We stood for a moment, as if both of us was waiting for the other to do something, then Tremelay finally turned, gesturing for me to follow him. “It’s not all that. My place. I mean it’s kinda cheap and small. And I just moved in a few months back and have been too busy to unpack much. I haven’t even put the bed together yet. I’m sleeping on the mattress on the floor.”

We walked through the same emergency exit as the bodies had gone and toward his unmarked car, double parked next to the ambulance. Being a detective had its privileges. Parking was evidently one of them. “Well, hopefully I won’t be seeing your mattress,” I teased.

“Hardly,” he shot back, tempering his word with a quick grin. “I’m just warning you that the place is a mess.”

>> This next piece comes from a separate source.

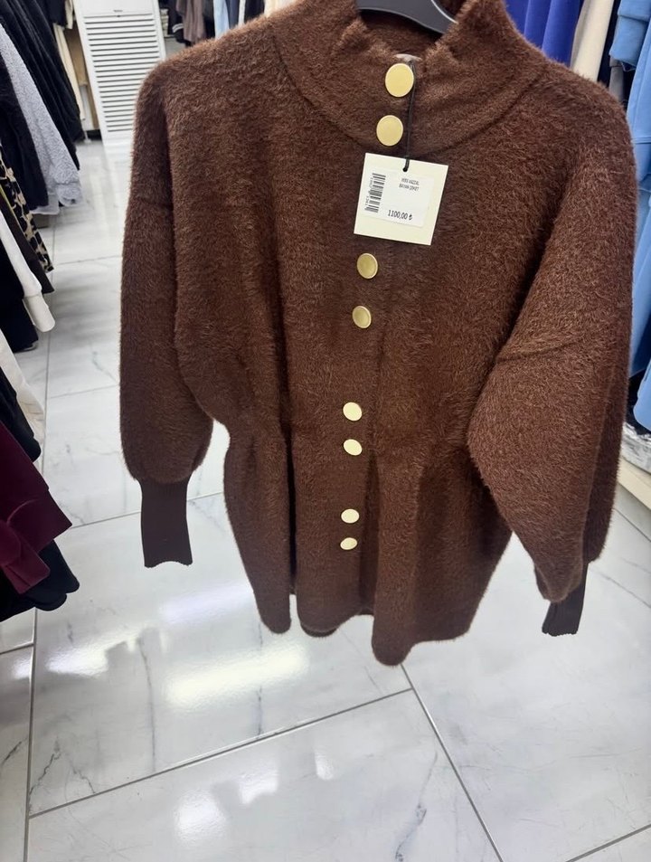 Bu kahverengi kadın yün kazağın uzun kollu, yuvarlak yakalı ve düğmeli detayları vardır. Rahat kesimiyle günlük kullanıma uygundur.

“You’ve been in my apartment. People who live in glass houses and all that.” He unlocked the unmarked car and I slid into the passenger seat, waiting for him to come around and get in. “Besides, I’m eager to see where you live. Do you actually own an iron? Are your clean clothes twisted up in a heap in a laundry basket in the living room? Are there dishes stacked up in your sink with dried food crusted on them?”

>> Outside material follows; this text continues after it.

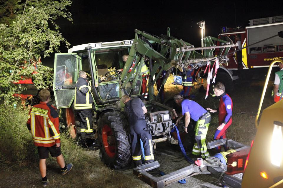 Am Donnerstag, den 13. August 2015, wurde unsere Einsatzgruppe zu einem Einsatz in Hurlach alarmiert. Beim Versuch Wasser aus dem Lech zu pumpen, ist der Traktor eines 23-Jährigen im Fluss versunken. Offensichtlich unterschätzte der Fahrer das Gewicht des Wassers. Das Gespann rutschte rückwärts in den Lech und konnte nur noch mit Hilfe von Tauchern der Wasserwacht aus sieben Metern Tiefe geborgen werden.
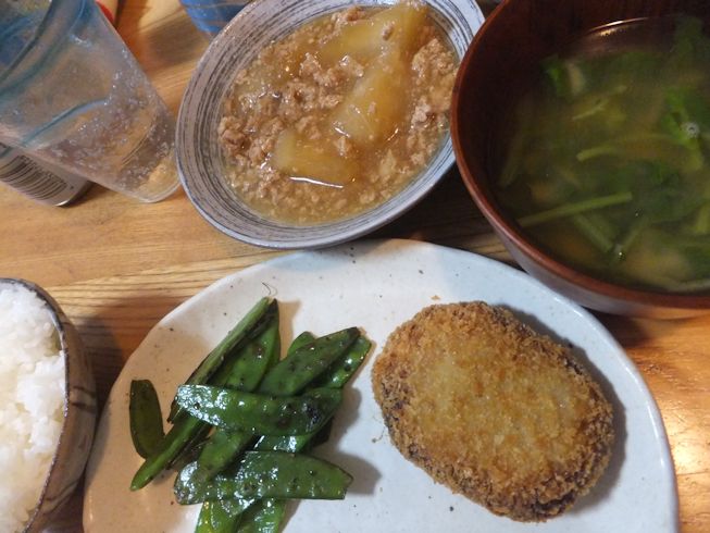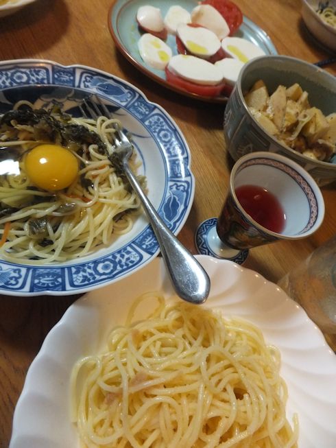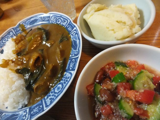 カレールゥフレークを使った日本カレー。辛口と甘口を1袋ずつ使い、鍋いっぱいに作ります。お肉はいつも鶏肉、冬はぶなしめじと小松菜やほうれん草を入れます。 うちの家族はマッシュポテトが大好き。このときばかりは、バターをたっぷり、パスチャライズド牛乳も1カップくらい入れて、とろとろに作ります。沃土会のキュウリが届いたので、金時豆とトマトのサラダ。・コーミの八宝菜ソースを使うと、おいしい中華丼ができます。豚肉、人参、キャベツ、長ネギ。もやしときゅうりとゆで卵は、ポン酢とごま油で中華サラダ。 ・仕事に行く人の朝兼お昼用サンドイッチ。まぐろ油漬け缶と刻みピクルス、モモハムスライス、スライスチーズ、サラダ菜、生チョコスプレッド。 ・餃子をおなかいっぱい食べようと、餃子の皮を4袋も注文したのに、最近、なかなか家族がそろいません。1袋分は4人で、おかずとして食べ、これは2人の時に、1袋半くらいを主食で焼いたもの。玉ねぎとキャベツをフードプロセッサーでガーとすると、早い!包みやすい! ・毎回注文するエクレア。月に一度だけど、毎週あったら、きっと毎週注文します。 ・和風パスタ。おみ漬けのオリーブオイル炒めに卵を混ぜて。もうひとつは辛子明太子。たけのこを炒めるとおいしくて、いくらでも食べられます。モツァレラチーズとトマトもオリーブオイル。 ・秋鮭メンチカツ、6個入っていたので、全部揚げて、残りは翌日のおにぎらずに入れました。付け合わせはきぬさやの炒めたの。大根と鶏ひき肉のそぼろ煮。黄色くなりかけたルッコラの味噌汁。生だとごま風味のルッコラは、煮たら筒菜みたいな青くさい香りになりました。 ・豚白もつ、味噌や醤油で少し甘く煮ていましたが、最近は、カレー風味です。白だしと純カレー粉で、カレーうどんのあっさり版といった感じ。キャベツと長ネギで甘くなりました。 さんまスモークもおいしい。大根スライスと、オリーブオイル、バルサミコを少しかけました。缶詰で、さばのスモークがオイル漬けが、すごくおいしかったと聞いたので、今度届いたら、さんまスモークをオリーブオイル漬けにしてみようと思います。スモーク鯖の小袖susiがあるんだから、さばのスモークも消費材にあってもいいような気もします。奥羽のきびなご一夜干し、フライパンで炒っただけ。豆腐と油揚げの味噌汁。いりこ粉末、十割こうじ味噌 ・味輝の紅茶ロールに、クリームチーズにメープルシロップを混ぜてはさみました。ケーキみたいなデザートパン。水筒2個分入るポットを割ってしまったので、そごうで買ってきた紅茶ポット、上のところが金属メッシュになっているので、茶こしが不要でとても使いやすいです。

“Now you’re describing your place.” The smile stayed on his face as he pulled away from the curb. “It’s not that bad. Mostly unpacked boxes. And yes, I tend to live out of a laundry basket. Hanging and folding clothes has got to be a torture technique. I’d rather be suspended by my toes than try to match socks.”

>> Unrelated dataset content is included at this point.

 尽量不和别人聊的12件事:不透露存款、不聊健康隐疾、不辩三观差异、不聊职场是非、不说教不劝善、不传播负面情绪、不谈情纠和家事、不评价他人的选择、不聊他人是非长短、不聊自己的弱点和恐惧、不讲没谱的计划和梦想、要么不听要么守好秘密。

His socks didn’t match? I tried to sneak a peek, but his pants came down too far and the floor of the car was too dim to tell. Even so, I got the feeling he had on one navy and one black.

Chuckling, I sat back in my seat and relaxed. I was so glad I’d met Detective Justin Tremelay, glad he’d trusted me, believed me, glad he was my friend. My quirky friend with his rumpled shirts, rumpled hair, and mismatched socks. What a character. And what a Templar-at-heart this man was.

“What are you grinning about, Ainsworth?”

I couldn’t help it. Skinwalkers, dead people. I shouldn’t be happy, but somehow I was. I had friends. I had good friends. And Raven might be dead, but she wasn’t lost to me.

“Your socks,” I told the detective. “I swear sometimes you look like a toddler dressed you.”

He grinned back. “I’m a toddler at heart, Ainsworth.”

Tremelay pulled along the curb and parked on a street full of brick row houses, putting the car in park and unlocking the doors.

“Here we are.”

We were two blocks from the MLK. It wasn’t the best section of town, but it wasn’t the worst. I looked over at the line of houses, identical except for window treatments and front-door ornamentation.

“I thought you said apartment?”

He nodded, swinging his legs out of the car. “Two one bedroom apartments in the house. I’ve got the downstairs, and a single mother of three has the upstairs. She’s thrilled to have a cop living in her building.”

I’ll bet. I shook my head at the thought of four people in a one bedroom apartment, but I wasn’t exactly in a position to judge. After this month’s rent, I wasn’t sure how I was going to pay the next. In a few months, it might be me living with three other people in a one bedroom apartment.

I followed Tremelay up the steps through a door. The lock squeaked, and when the detective flicked on the light I saw boxes. A lamp sat on a tower of three. Others were lined against the wall, black marker on the sides proclaiming them to be “living room” or “misc.” I milled about the room while Tremelay disappeared into what I assumed was the bedroom. Sofa, recliner, a couple of end tables, and a shelving unit against the wall.

“Three months and you haven’t unpacked all of this?” I asked.

Tremelay gave an affirmative grunt from the bedroom. I immediately jumped to the usual conclusions as I looked around the apartment. Divorced middle-aged guy, kicked out by his wife. Cops were stereotypically cheaters, so my mind wandered to the worst. I browsed the living room and kitchen, hearing the sound of ripping boxes and thumping from the back room as I tried to get a better idea of the man who’d become my friend.

The shelf by the window housed a pile of books, mostly classics and a few military thrillers. Next to them was a stack of framed photos. A woman about my age, stylish dark hair, her smile nearly engulfing her heart-shaped face. A group of people I couldn’t make out in kayaks going down a small rapid. The girl again in a graduation gown.